The celebrated, if rather pompous, UK professor of history, Timothy Garton Ash, repeated a now sorrily familiar canard on the BBC World Service on Sunday when he said that what had happened in Ukraine is “definitely a revolution”. The next day I read in the International New York Times that the revolution in Ukraine may need to be “better represented” in the about to be formed interim government.
When analysts comment about Yemen it is sometimes said that the Gulf Arab-backed interim deal that changed the president, and consequently the government, did not represent the “revolutionary forces”. That is perhaps a better formulation.
The “revolution” in Ukraine hasn’t really affected the apparatus of the Ukranian state, even if it has weakened the state’s writ. Despite Yanokovich having something akin to a democratic mandate, the revolution obliged him to depart and has aided the chances that his nemesis Tymoshenko, a failed premier, will take over.
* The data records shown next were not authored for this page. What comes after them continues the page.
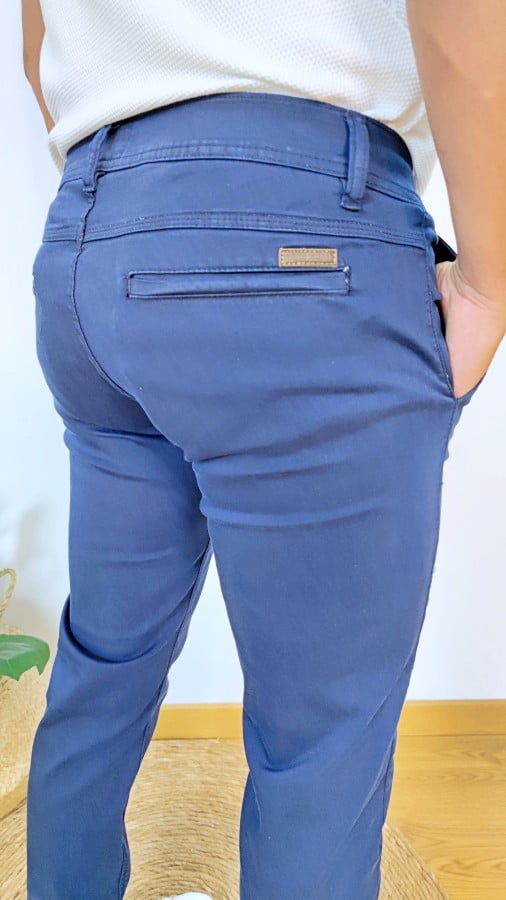 Pantalon Chino Marino es un pantalon confeccionado en tejido de algodón con elasticidad, bolsillos frontales y detalle de bolsillo en espalda. Cierre frontal con cremallera y botón.
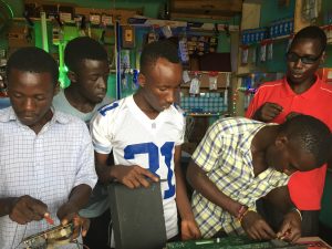 Above Photo: Simon trains other youth in his electronic repair shop in Wakiso, Uganda.
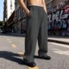 Découvrez ce pantalon confortable pour hommes, conçu avec une taille élastique, un cordon de serrage et des jambes larges. Il est disponible en plusieurs couleurs et présente un design droit et élégant. Les images montrent le pantalon sous différents angles, mettant en valeur son style polyvalent.
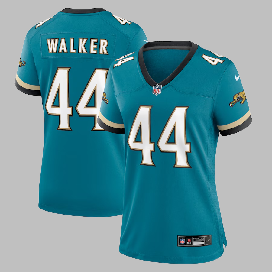 Women's Jacksonville Jaguars #44 Travon Walker Teal Prowler Throwback All Stitched NFL Jersey

In the meantime the speaker of the old parliament keeps the presidential chair warm.
The revolution hasn’t affected the structure and membership of the police, intelligence services and the military, but it has succeeded in giving the interior and defence ministers the sack.
The revolution has seen self-appointed groups enforcing popular justice on the streets of Kiev, but is being actively resisted in the east of the country.
Egypt is going through a comparable (non) revolution. In either case was it the popular will or the shadow state that wrought the change? In Ukraine the oligarchs didn’t like the former president’s method of crowd control, in Egypt the military initiated two changes of president in two years and are about to finish the job by once again assuming the country’s political leadership. However perhaps one of several differences is that, while Egypt cannot control the Sinai, it doesn’t any longer fear the loss of part of itself to a powerful neighbour.